SOURCE RECORDS.
######

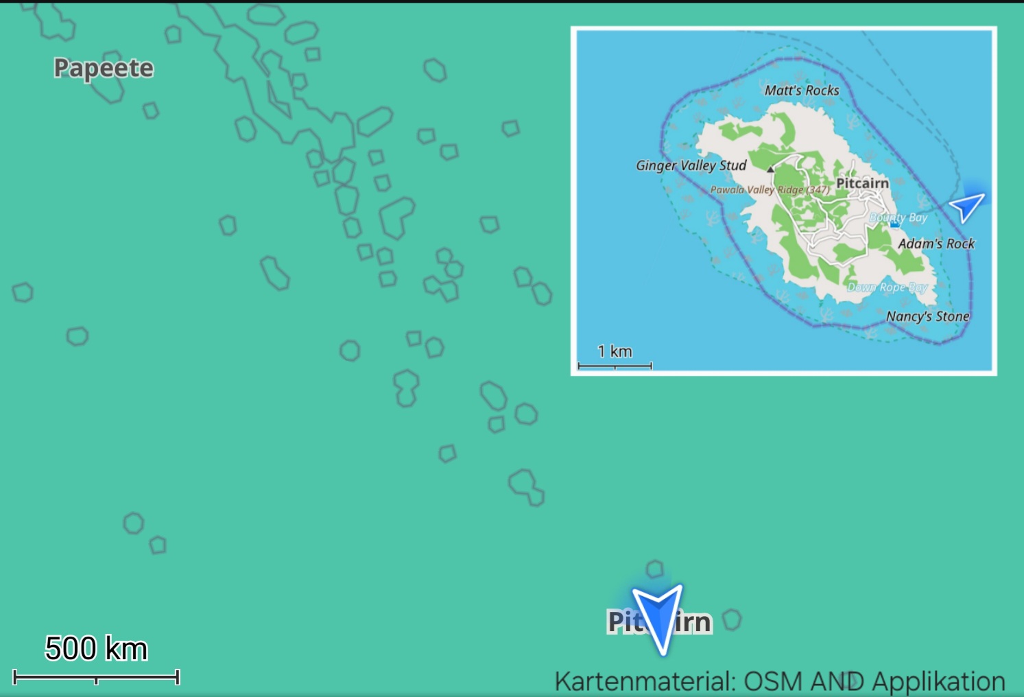 Anschließend kehrten sie wieder zur Insel Pitcairn zurück und wir setzen unsere Fahrt fort.
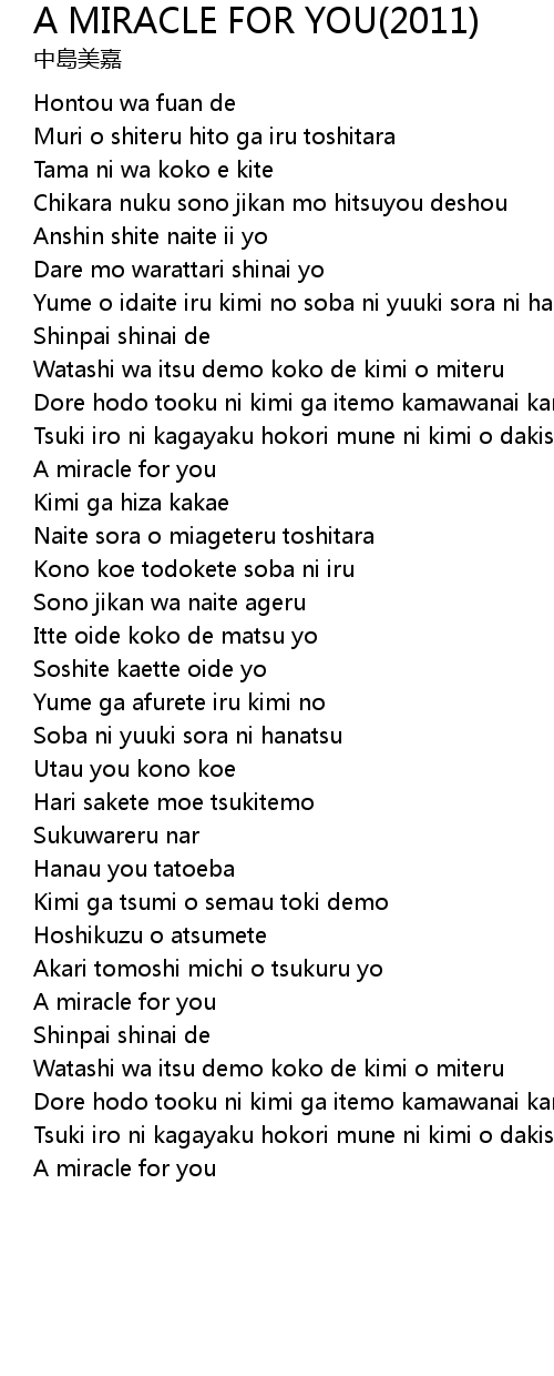 | Dore hodo tooku ni kimi ga itemo kamawanai kara | |
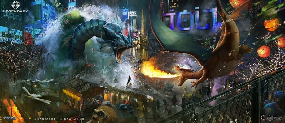 The second piece of artwork appears to show off an enormous battle sequence between Charizard and Gyarados, something much more spectacular than what we got in the final version of the film.
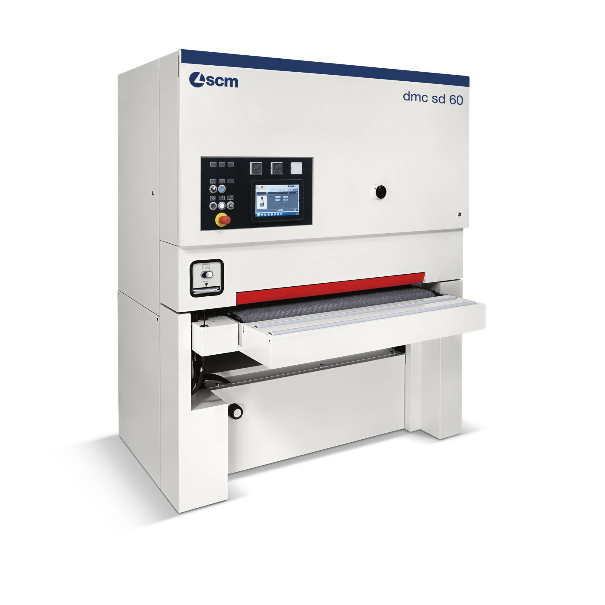 * Einführung der Schleifbänder von der linken Maschinenseite
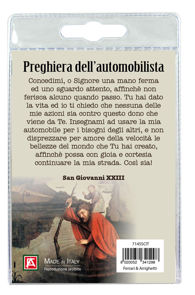 Nell'interno del blister c'è anche un cartoncino con l'immagine del Santo e sul retro del cartoncino stesso una preghiera dell'automobilista.
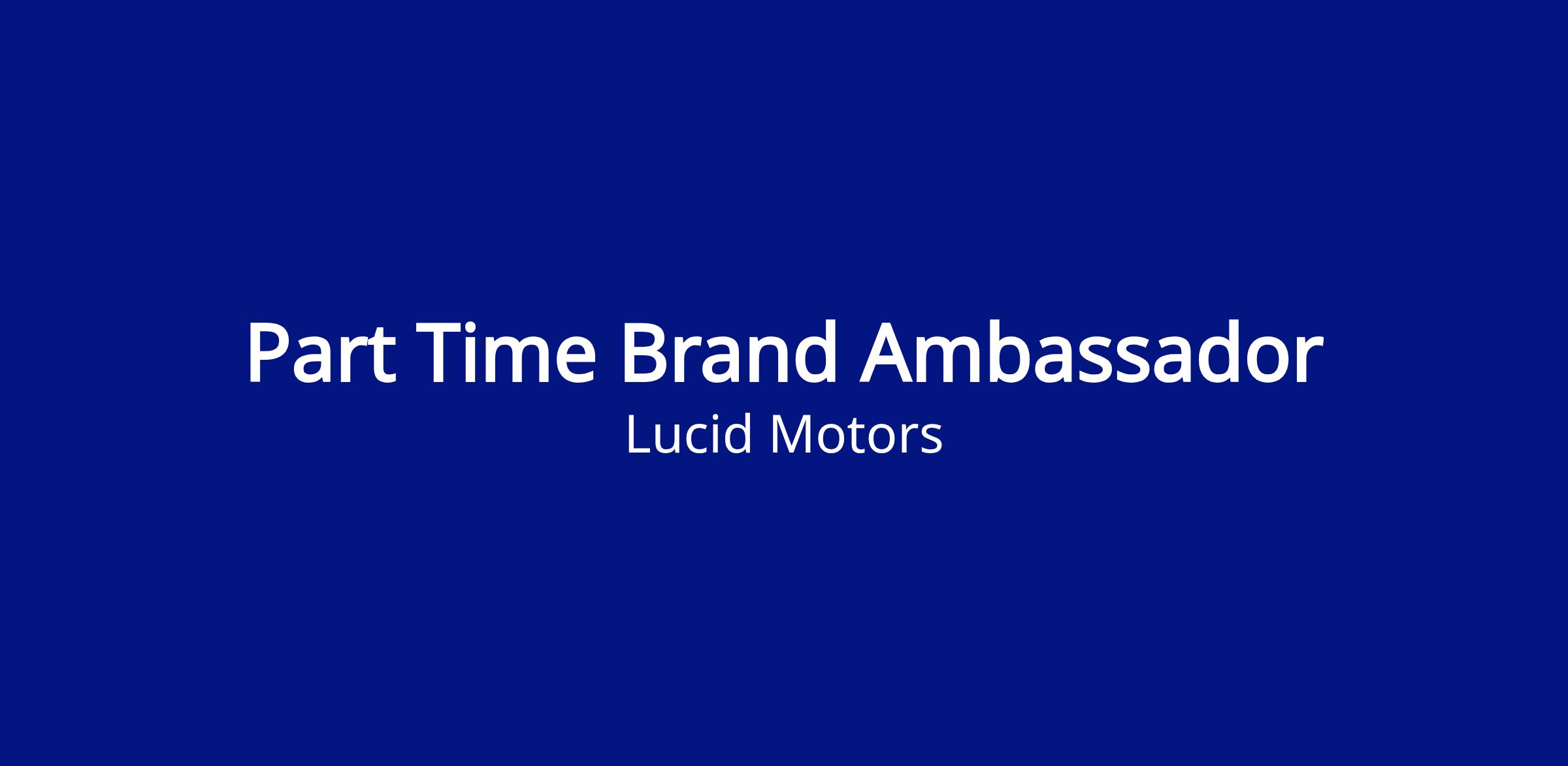 Lucid is growing our brand. A post luxury brand centered around sustainability and human experience. If you are an effective communicator, love helping people and are thinking about joining the EV revolution, come join us! The Lucid Brand Ambassador is the first point of engagement guests will have at the Lucid studio. The position offers 20–24 part-time hours per week.
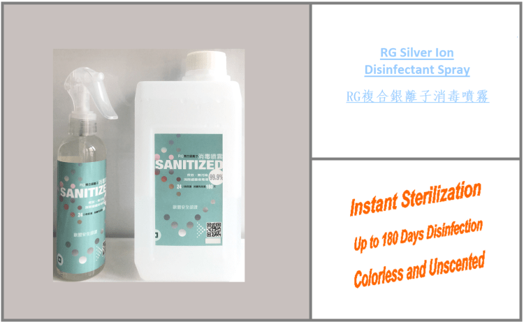RG Silver Ion Disinfectant is a sterilizing and disinfecting liquid formed by a combination of trivalent silver ions and strong alkaline (up to pH12) hydrogen-oxygen water by the scientific researchers of Richgate Technology for many years. This innovative product not only has the instant sterilization ability of hydrogen-oxygen water, but also the long-term disinfection effect of silver ions (effective up to 180 days). It also meets the safety standards of many countries. This product is colorless and unscented, and can be sprayed on various materials for disinfection purposes. It is effective to eliminate viruses (including coronavirus) and bacteria.

######

WORK TO BE COMPLETED. Once the pictures are set aside, retype the rest of the listing exactly.

OUTPUT BELOW.
 Anschließend kehrten sie wieder zur Insel Pitcairn zurück und wir setzen unsere Fahrt fort.
 | Dore hodo tooku ni kimi ga itemo kamawanai kara | |
 The second piece of artwork appears to show off an enormous battle sequence between Charizard and Gyarados, something much more spectacular than what we got in the final version of the film.
 * Einführung der Schleifbänder von der linken Maschinenseite
 Nell'interno del blister c'è anche un cartoncino con l'immagine del Santo e sul retro del cartoncino stesso una preghiera dell'automobilista.
 Lucid is growing our brand. A post luxury brand centered around sustainability and human experience. If you are an effective communicator, love helping people and are thinking about joining the EV revolution, come join us! The Lucid Brand Ambassador is the first point of engagement guests will have at the Lucid studio. The position offers 20–24 part-time hours per week.
RG Silver Ion Disinfectant is a sterilizing and disinfecting liquid formed by a combination of trivalent silver ions and strong alkaline (up to pH12) hydrogen-oxygen water by the scientific researchers of Richgate Technology for many years. This innovative product not only has the instant sterilization ability of hydrogen-oxygen water, but also the long-term disinfection effect of silver ions (effective up to 180 days). It also meets the safety standards of many countries. This product is colorless and unscented, and can be sprayed on various materials for disinfection purposes. It is effective to eliminate viruses (including coronavirus) and bacteria.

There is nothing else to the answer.